A Careful Control Loop
Partially observable MDPs; belief states extend MDPs to the case where the agent cannot see the full state. The agent receives observations, maintains a probability distribution over possible states, and chooses actions using that uncertainty rather than pretending the latest sensor packet is complete.
This section develops the contract for decision making when the current observation is not enough. A POMDP keeps the MDP pieces from Section 2.6, then adds an observation model and a belief state. The belief state is not a guess pasted onto the policy. It is the action interface the policy actually receives.
The practical question is: which hidden variables matter for action, what observations give evidence about them, and when should the agent spend an action to gather information rather than rush toward the goal?

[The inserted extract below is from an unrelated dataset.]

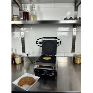 Dit praktische stroopwafelijzer is perfect voor zowel professioneel gebruik op markten, evenementen en in horecagelegenheden, als voor enthousiaste thuisbakkers. Dankzij het compacte ontwerp is dit apparaat gemakkelijk te verplaatsen en op te bergen, terwijl het krachtige verwarmingselement zorgt voor consistent perfecte stroopwafels. Het ijzer heeft een klassieke ronde vorm, ideaal voor authentieke stroopwafels. De afmetingen zijn 305x430x505 mm (LxBxH) – verbruik 1.75 kW – gewicht 10 kg.

A belief state earns its place when it changes what the robot does under uncertainty. If two histories produce the same camera frame but different slip risk, the belief should help the policy choose whether to grasp, slow down, or reobserve.
Theory
A POMDP is often written as $(\mathcal{S}, \mathcal{A}, P, R, \Omega, O, \gamma)$. The new pieces are $\Omega$, the observation space, and $O(o|s,a)$, the probability of receiving observation $o$ after action $a$ when the world is in state $s$. Instead of acting on an unobserved state, the agent acts on a belief $b_t(s)$, a probability distribution over states.
A one-step belief update has the form $$b_{t+1}(s') = \eta O(o_{t+1}|s',a_t)\sum_s P(s'|s,a_t)b_t(s),$$ where $\eta$ normalizes the probabilities so they sum to one. The summation predicts where the hidden state could move after the action. The observation likelihood then favors states that make the new sensor reading plausible.
The mechanism is predict, observe, correct, then act. Prediction uses the transition model to move the old belief forward. Correction uses the observation model to reweight possible states. The resulting belief should be logged because it is the only way to know whether the agent acted from calibrated uncertainty or from a stale guess.
Worked Example
Code Fragment 2.7.1 implements the belief update for a two-state contact problem. A force spike is weakly compatible with a dry surface and strongly compatible with a slippery surface, so the posterior belief should shift toward slip risk.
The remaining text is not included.